Some people who read the book believed Obvious Adams was a real person, and wrote to Updegraff, asking how they could hire him.

Others understood he was a fictional character, but couldn’t replicate his thinking. That is, try as they might, they could find the obvious in what they were selling, themselves. And they wanted to.

After the book was published, the author figured people would get the idea and be able to start focusing on obvious ideas on their own. But it didn’t turn out that way.

In a second section of the book, years later, he wrote:

“BACK IN 1916 when Obvious Adams was first published, I thought getting businessmen to do "the obvious" would be simple enough: that it would only be necessary to point out the obvious solution or course of action.

But I was quite wrong.

The reason, he said, was that it involved logical thinking, which he called “the trickiest of mental processes.”

So, to help people along, he developed “five tests of obviousness.”

And before he announced them, he provided, of all things, a disclaimer:

“They are not sure-fire. Nothing is in this complex and changing world. But they are good rule-of-thumb checks.”

Personally, I think these are great tests. You don’t have to pass all of them to have a good promotion. I’ll mention this again at the end: You should consider all of them. Just thinking things through this way will sharpen up your thinking and could easily improve your promotion.

I’m going to add one 21st-Century example as we go, and we may come up with some others along the way. The good news about this book is you can get it on Amazon for a few dollars. It is well worth your time and money. We’ll put a link to it in the show notes.

Five tests of obviousness

1. The problem, when solved, will be simple.

- Complicated solutions to problems are ways of someone trying to show off how smart they are or a sign of laziness. A solution that is simple borders on the invisible, and that’s OK.

Especially with copywriting. Nobody cares about how clever your whiz-bang solution is. They care about their problem, and how certain it seems that you can solve it.

The more “obvious” the answer, the more certain they will feel that you can.

Einstein said, “Everything should be made as simple as possible, but not simpler.”

Updegraff wrote: “The history of science, the arts and great developments in the world of business is a history of people stumbling upon simple solutions to complex problems.”

Our example, which we’ll use throughout to measure against each test, is the same. It’s the messaging Steve Jobs came up with originally to sell the iPod:

“10,000 songs in your pocket.”

2. A question: Does it check with human nature?

To pass this test, your idea needs to be quickly and easily understood by ordinary people.

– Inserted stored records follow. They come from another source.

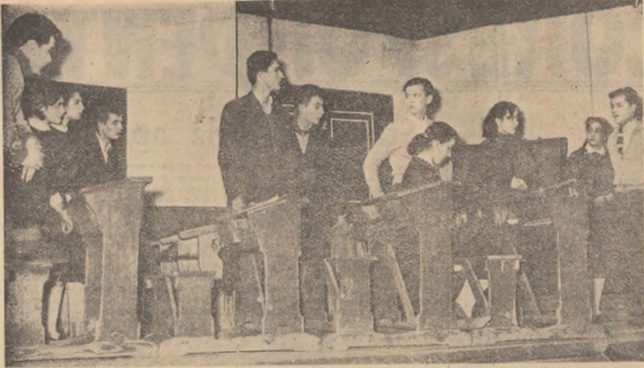
„Nota zero la purtare”, dar nu pentru artiștii casei raionale de cultură din Giurgiu. Dacă nota pentru măiestria artistică va fi pronunțată mai târziu de către juriu, pentru străduința și munca lor, artiștii din orașul de pe malul Dunării merită nota zece.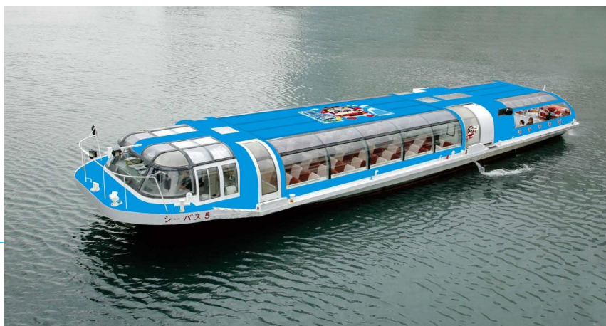
新しくラッピング装飾をする「シーバス5号」（画像はイメージです）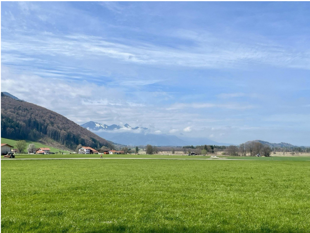
Bild vom Balkon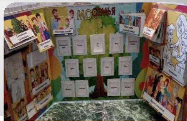
Лэпбук «Моя семья»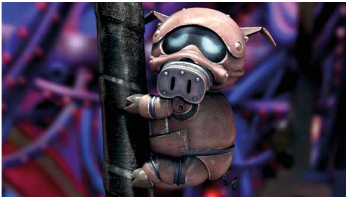
« Yatterman » de Miike Takashi, invité d'honneur du Niff, est l'une des perles à découvrir dans le cadre de la rétrospective « Rions dans l'espace ».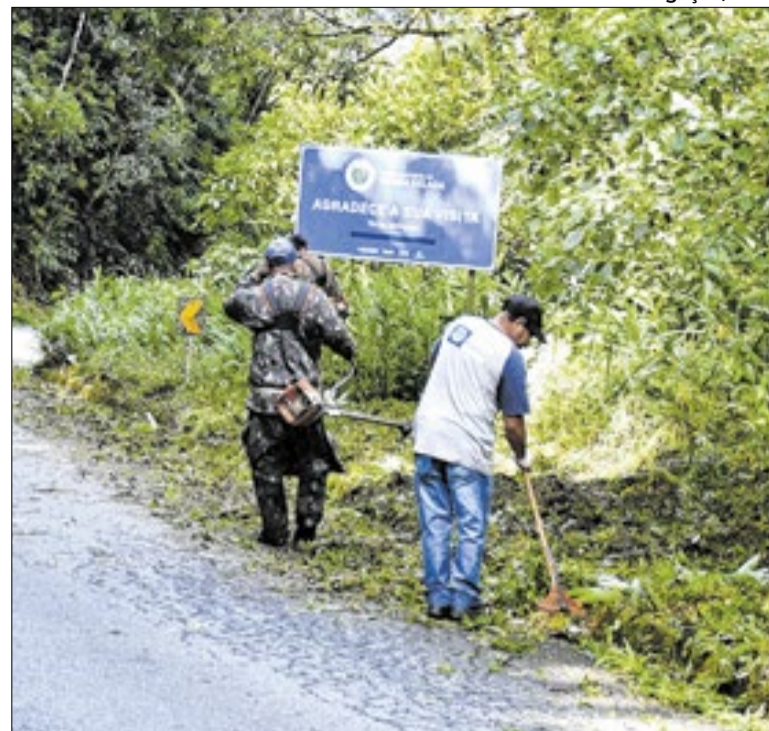
Rodovia estadual é de responsabilidade do DER-RJ

“A Lei do Aço foi construída para garantir competitividade e estimular investimentos no Rio de Janeiro. Hoje vemos os resultados dessa política pública na geração de empregos, no fortalecimento da indústria e no desenvolvimento econômico de várias cidades do interior, especialmente no Sul Fluminense”, afirmou.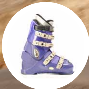
udobno na smučeh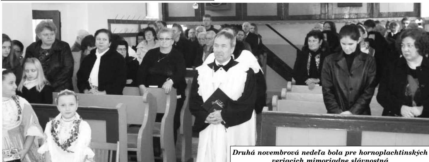
Druhá novembrová nedeľa bola pre hornoplachtinských veriacich mimoriadne slávnostná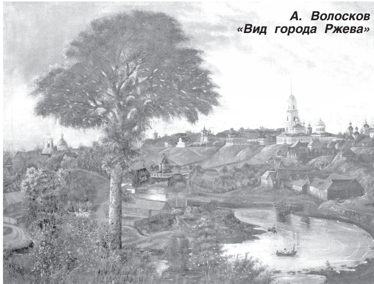
А. Волосков «Вид города Ржева»

В полотне художник охватил как можно больше красивых строений города, сблизил их. Композицию картины держат две вертикали: высокое дерево с рельефной кроной, в тени которого и должен был устраиваться за мольбертом художник, как это было принято в сюжетах картин XIX века. Вторая вертикаль вдали - колокольня Успенского собора с её высоким шпилем.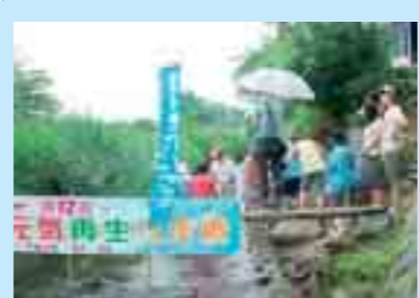
千厩川での水生生物調査 (一関市)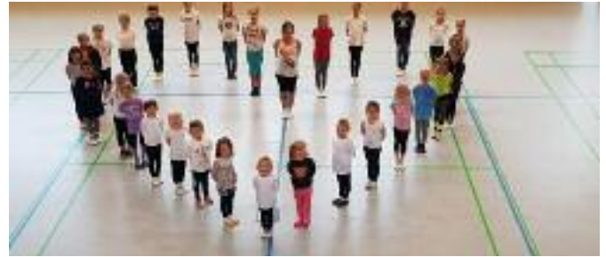
Ein Großteil der KG-Kinder beim Trainingswochenende

und Betreuerinnen sowie Helfer im Hintergrund, die den KG Kids dieses schöne Erlebnis ermöglicht haben.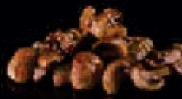
H11. Mushroom Yaki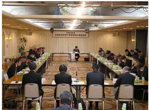
平成 30 年度 北陸地域港湾の事業継続計画協議会の状況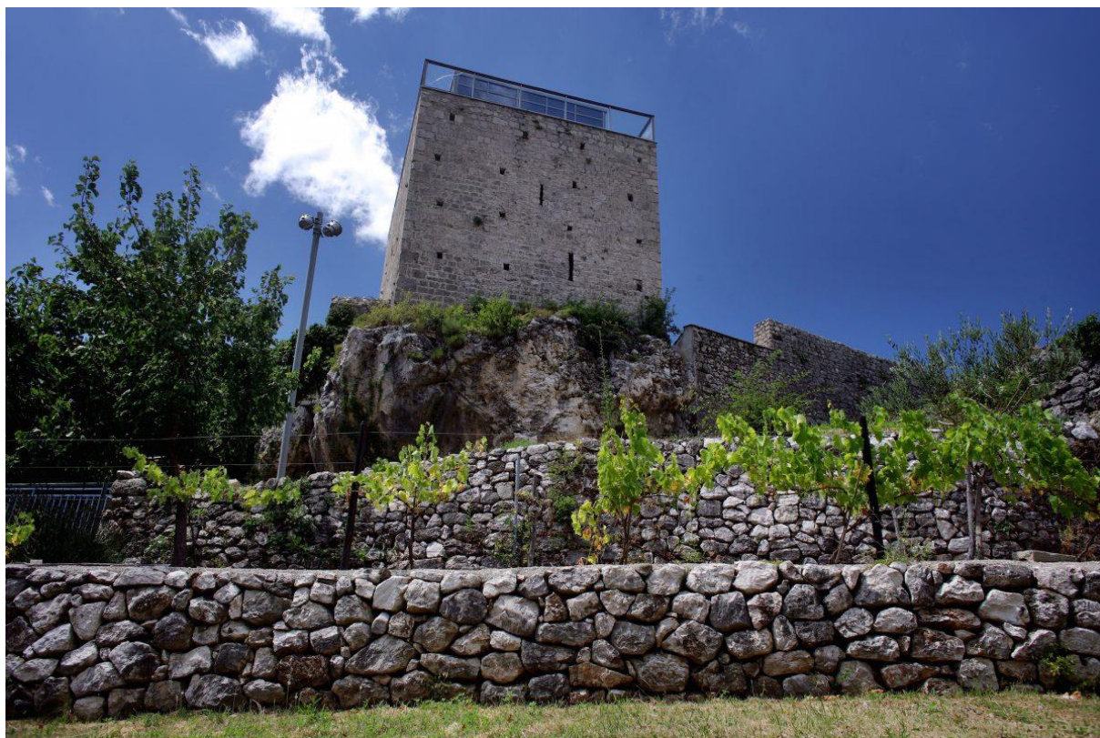
Slika 13 Kula u Bribiru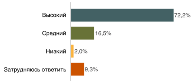
Рис. 2. Социологический опрос граждан о коррупции в России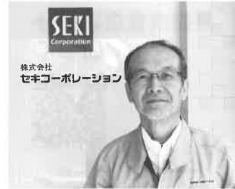
SEKI Corporation 株式会社セキコーポレーション

当社の経営理念は、「お客様に満足と信頼を得られる製品とサービスを提供すること」を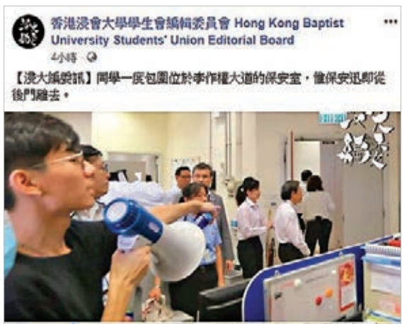
學生硬闖保安室。

香港文匯報訊(記者 余韻) 日前警方在九龍塘追捕示威者時，一度進入浸大校園範圍，其後於校外的公眾行人路拘捕5名浸大學生。浸大學生會惡人先告狀無視被捕學生違法在先，昨日聚集逾百名的口罩黑衣人遊行，稱大學保安沒有阻止警員進入校園，又強闖保安室要求解僱涉事的兩名保安。其無理取鬧行徑引來網民批評行為為自私自利，「唔尊重人地意見但要聽從他地意見。」惟保安公司卻詭稱兩名保安「反應不足」，已終止其於浸大的工作並發警告信。

For copywriters and marketers, you don’t need everybody if you’re writing for / selling to a niche audiences. But what it does mean is that everyone across your niche should get the idea instantly.

Updegraff says, “The public is curiously obvious in its reactions — because the public’s mind is simple, direct and unsophisticated.”

Let’s look again at the iPod tagline: “10,000 songs in your pocket.”

3. Put it on paper

“Write out your idea, in words of one and two syllables, as though you were explaining it to a child.”

This is a cheap and quick way to troubleshoot an idea, project, plan, offer. If you can’t explain it simply, that’s a sure sign you have more work to do on it.

Key point: Most ideas ultimately involve more than one person, even if one person only came up with it and handles all the details. In copywriting and marketing, for example, even if you are a one-person business, for your idea to succeed, it also involves customers, who have to understand it in order to take advantage of your offer.

And most ideas, especially the bigger ones, involve more than one person. Like: partners, employees, investors, and contractors — as well as, of course, customers.

How do you expect to get their buy-in if they can’t easily understand your idea?

“10,000 songs in your pocket” works as something you can put on paper in one- and two-syllable words. Especially is you write out the words “ten thousand.”

4. Does it explode in people’s minds?

When you share your idea, or post your copy, and you get responses from people like, “Why didn’t I think of that?” you know you’ve passed the “explode-in-people’s minds” test.

It most likely means you’ve got an idea that’s both new and familiar. And that sounds easier to come up with than it actually is. This rare combination almost always leads to blockbuster success.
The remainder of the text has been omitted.